PERICLES - WILLIAM SHAKESPEARE

UYARI: Spoiler içerir.
____________

Bu oyunun basımının İş Bankası Kültür Yayınları'nda bu kadar erkene alınması bir hayli ilginç. Çünkü Pericles, Shakespeare' in belki de hayatının son dönemlerinde yazması muhtemel bir oyun. Evet, muhtemel çünkü oyun Birinci Folyo baskısında telif haklarının tam olarak alınamaması sebebiyle listeye eklenmemiş. Ancak kuvvetle ihtimal Marina karakterinin Shakespeare'in elinden çıktığı sanılıyor. Oyun kaynağını İngiliz şair John Gower'ın Confessio Amantis eserinden almış. Aynı zamanda eser, tür olarak trajedi olarak nitelendirilse de alışılagelmişin dışında bu trajedi oyunun gelişme kısmını oluşturmasına karşın hüzünlü bir sonu yok; aksine okuyucuyu mutlu gönderiyor evine.

Julius Caesar oyununda araya giren Cicero dışında pek de anlatıcı görmemiştim şu ana kadar ancak bu oyunun her sahnesi Gower isimli bir karakterin bize olayı açıklaması ile başlıyor. Dolayısıyla anlaşılabilirlik bakımından, bu özellik Pericles'ı kolay idrak edilebilir bir oyun haline getiriyor. Yeni katılan karakterler, aradan geçen zaman, arkada dönen oyunlar; Gower sayesinde net bir şekilde okunabiliyor.

Girişte Antakya Kralı Antiochus' un kızı ile olan ensest ilişkisi anlatılıyor. Antiochus güzeller güzeli bir kıza sahiptir, kız ne yazık ki annesini küçük yaşta kaybeder ve baba kız yaşamaya başlarlar. Bu ilişki zamanla aralarındaki aşka dönüşür. Kız olgunlaştığında ise Antiochus'a talipler gelmeye başlar; kızını istemek için nice prensler uzun yollar aşarak bu güzeller güzeli prensesi ülkelerine götürmek isterler. Kral Antiochus ise kızı ile aralarındaki ilişkinin gizli kalmasının yollarını aramaya koyulur. Sonunda aklına bir fikir gelir: Kızına talip olan prenslere bir bilmece sorar, eğer bu bilmeceyi bilemezlerse genç prensleri idam eder.

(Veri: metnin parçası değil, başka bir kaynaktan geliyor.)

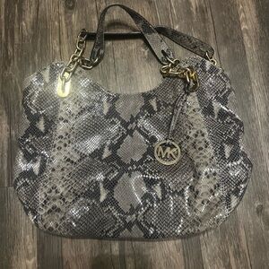 Elevate your style with this chic Michael Kors gray snake print bag. Perfect for any occasion, this bag combines elegance and functionality.
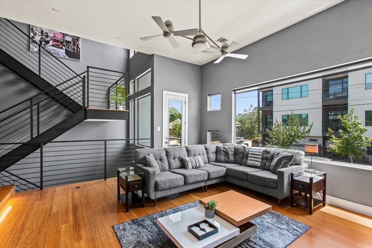 WIDE OPEN SPACE (3 STORY 2600SF) 24/7 Self check-in Amenities: 20ft floor to ceiling windows 120" projector Hi-speed wifi 2nd Story Balcony overlooking Downtown Big Chef's Kitchen Make a cocktail in the minibar and swing in an oil barrel while watching the sunset over downtown. Walk to Minute Maid, Toyota Center, PNC Stadium, Discovery Green, Hilton Americas & George R. Brown Convention Center in minutes! Enjoy attractions like 8th Wonder Brewery, Graffiti Park, Chapman & Kirby + many more!
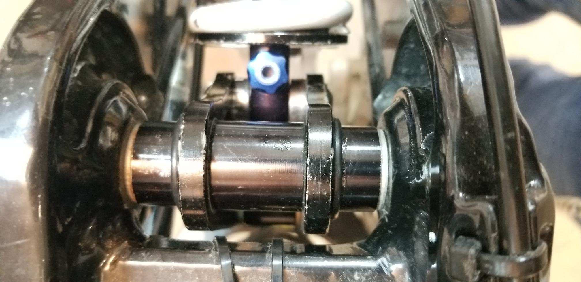 Oprocz tego zeby wszystko pasowalo, musialem tuleje dystansowe podszlifowac, pod tuleje slizgowa z kolnierzem byly dobre, traz troche za krotkie, dwie podkladki, to brakuje 1mm zeby weszly, wiec podszlifowalem dystanse, dolozylem podkladki i zabezpieczylem oringami zeby w nasmarowane lozyska brud sie nie dostawal. :mrgreen:
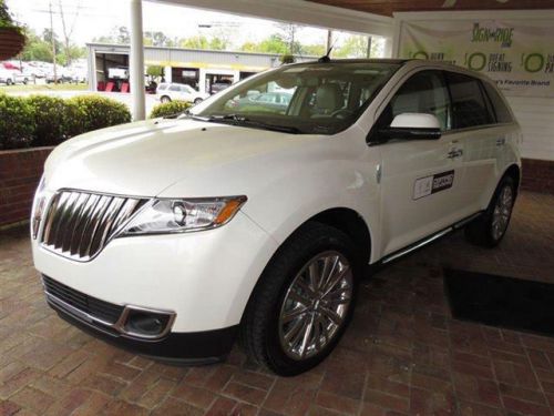 This 2013 LINCOLN MKX 4dr AWD 4dr Sedan features a 3.7L Ti-VCT V6 engine 6cyl Gasoline engine. It is equipped with a 6 Speed Automatic transmission. The vehicle is White Platinum Metallic Tri-Coat with a Tan Leather interior. It is offered with the remaining extended warranty. - Air Conditioning, Dual Zone Climate Control, Cruise Control, Tinted Windows, Power Steering, Power Windows, Power Door Locks, Power Mirrors, Leather Steering Wheel, Leather Shifter, Power Drivers Seat, Power Passenger Seat, Memory Seat Position, Heated Seat, Rear Air Conditioning, Clock, Tachometer, Digital Info Center, Homelink System, Tilt Steering Wheel, Telescoping Steering Wheel, Steering Wheel Radio Controls, Sunroof, Driver Airbag, Passenger Airbag, Side Airbags, Keyless Entry, Security System, ABS Brakes, Traction Control, Rear Defogger, Fog Lights, Intermittent Wipers, AM/FM, CD Player, THX Premium Sound System, Leather Interior Surface,, Premium Sound, Reverse Camera, Aux. Audio Input, Navigation System - Contact Internet Manager at 888-893-3136 or webleads.cflsp@crossroadscars.com for more information. -
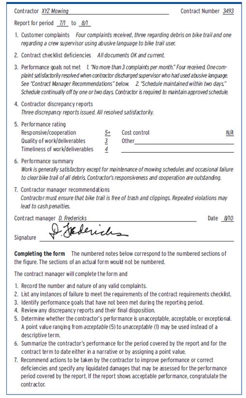 The report is prepared by the contract manager using information received from all available sources during the evaluation period (personal observations, team member observation reports and memoranda, complaints received, etc.).
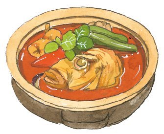 「フィッシュヘッドカレー」は、鯛の頭を豪快に煮込んだもの。魚の出汁とスパイスが絡み合った複雑な味が舌に残る。
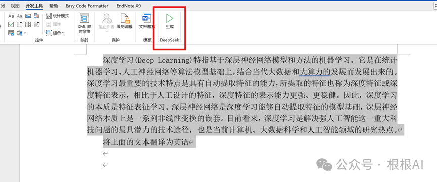 按照文本教程完成操作后,Word的选项卡中将会出现DeepSeek的生成图标,选中文本并点击生成,即可实现模型回复!例如,我们想要将一段中文文本翻译成英文:

Sorulan bu bilmece aslında Antiochus ile kızı arasındaki ilişkiyi anlatmaktadır fakat hiçbir prens böyle bir ilişkiyi düşünemez. Ta ki Pericles'a da sorulana dek. Pericles bilmeceyi çözer çözmesine de bunu kralın yüzüne karşı nasıl söyler; ancak açıklamazsa da canından olacaktır. Her iki yolun da onu karanlık bir sona götürdüğünün farkındadır. Krala işlediği bu günahı söylemekten çekindiğini açıklar; bunun üzerine kral endişeye kapılır. Sonunda bilmecedeki sır açığa çıkmıştır. Fakat bunu belli etmez; Pericles'ın cevabının yanlış olduğunu, yine de bu güzel prense endamından ötürü kırk gün daha mühlet vereceğini açıklar.

İlk sahnede olan olaylar Pericles'ın kralın sarayından kaçması ve Tarsus'a gitmek üzere bir gemiye binmesiyle sonlanır. Sur'un yönetimini maiyetine bırakır. Hikayenin geneline bakılacak olursa ilk sahnede olan olaylar, oyunun geri kalanından biraz kopuk gibi geldi bana.

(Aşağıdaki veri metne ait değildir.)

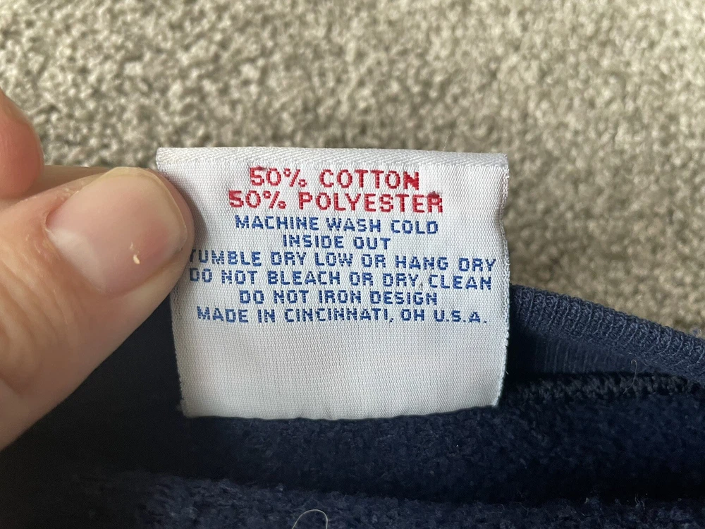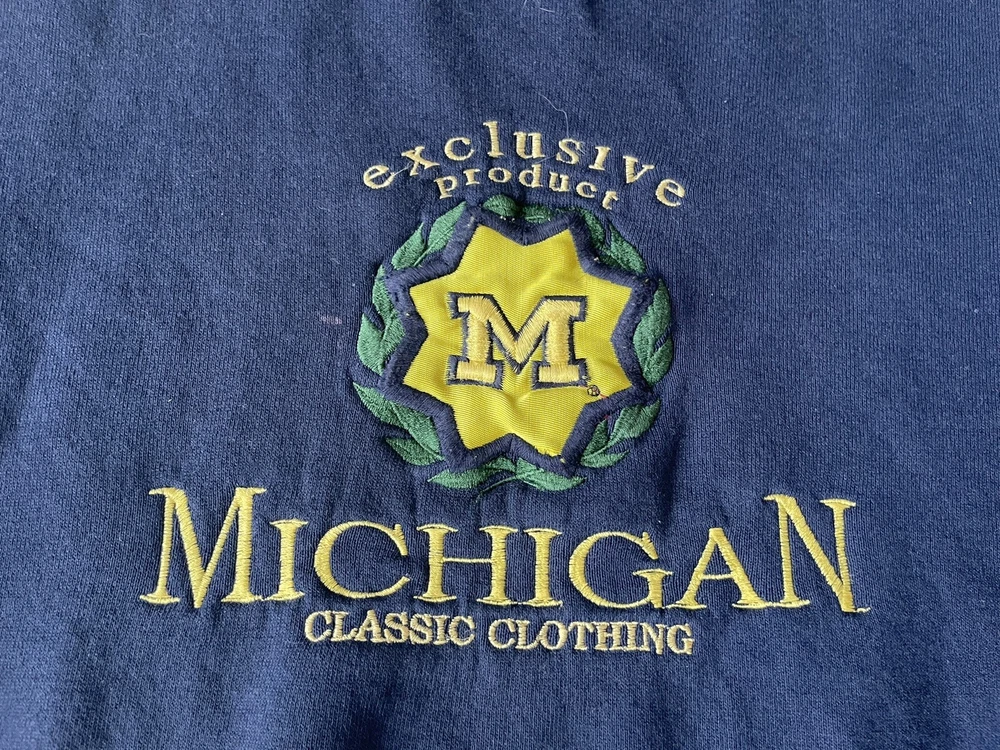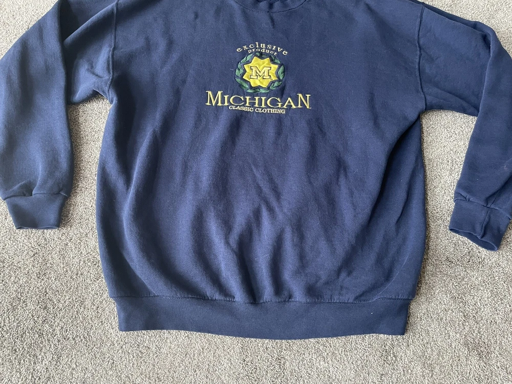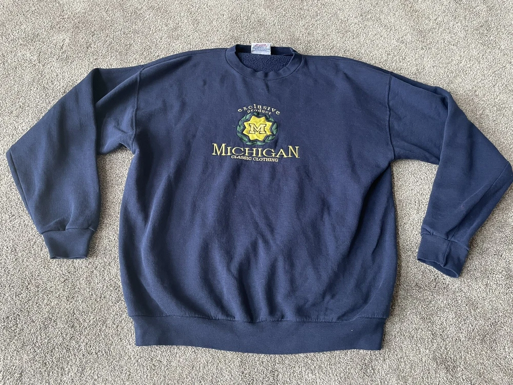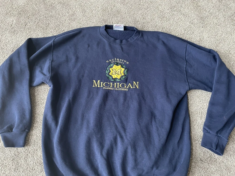 Crafted by Crable Sportswear, this Michigan Wolverines crewneck sweatshirt is a quintessential piece for any die-hard football fan. Adorned in a dark blue, this sweater embodies the spirit of the team and is designed to keep you comfortable while you cheer for your favorite college squad. With its XL size, it's a snug and warm addition to any fan's wardrobe. Proudly made in the United States, this sweatshirt is a nod to football tradition, perfect for regular season games and the playoffs. Whether you're at the stadium or watching from home, the sweater's classic design and durable construction make it a timeless piece for all kinds of fan celebrations.
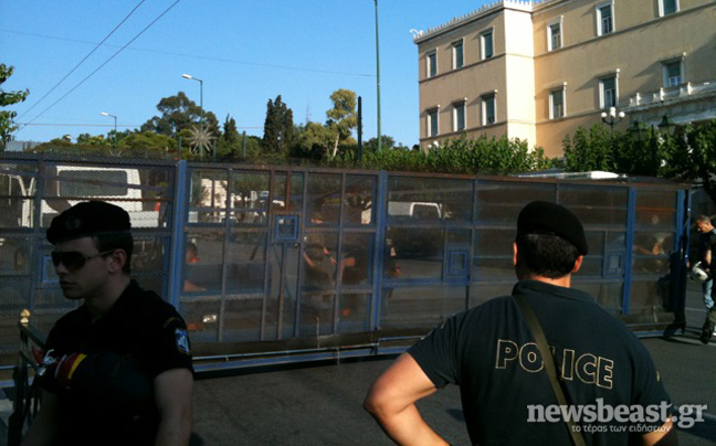 Πριν από λίγα λεπτά σημειώθηκε μικροένταση στο Σύνταγμα, επί της Βασ. Σοφίας, όταν μικρή ομάδα διαδηλωτών πλησίασε τις αστυνομικές δυνάμεις στο σημείο που έχει τοποθετηθεί ο φράχτης και τοποθέτησε μια ελληνική σημαία.

Maalesef -bu oyunda sıkça başvurulmuş- gemi yolculuğu esnasında çıkan bir fırtına anlatılır Gower tarafından. Pericles gözlerini Pentapolis kıyılarında açar. Tarsus yolculuğuna çıkarken yanına aldığı birkaç yardımcısı ve tüm malları gemiyle birlikte derin sulara gömülmüştür. Beş parasız Pentapolis'te kalakalmıştır. Halkın arasında geçirdiği kısa sürede, Pentapolis Kralı Simonides'in kızının doğum günü olduğunu, dünyanın dört bir yanından gelen şövalyelerin kızına talip olduğunu işitir. Bunu duyan Pericles sarayın yolunu tutar.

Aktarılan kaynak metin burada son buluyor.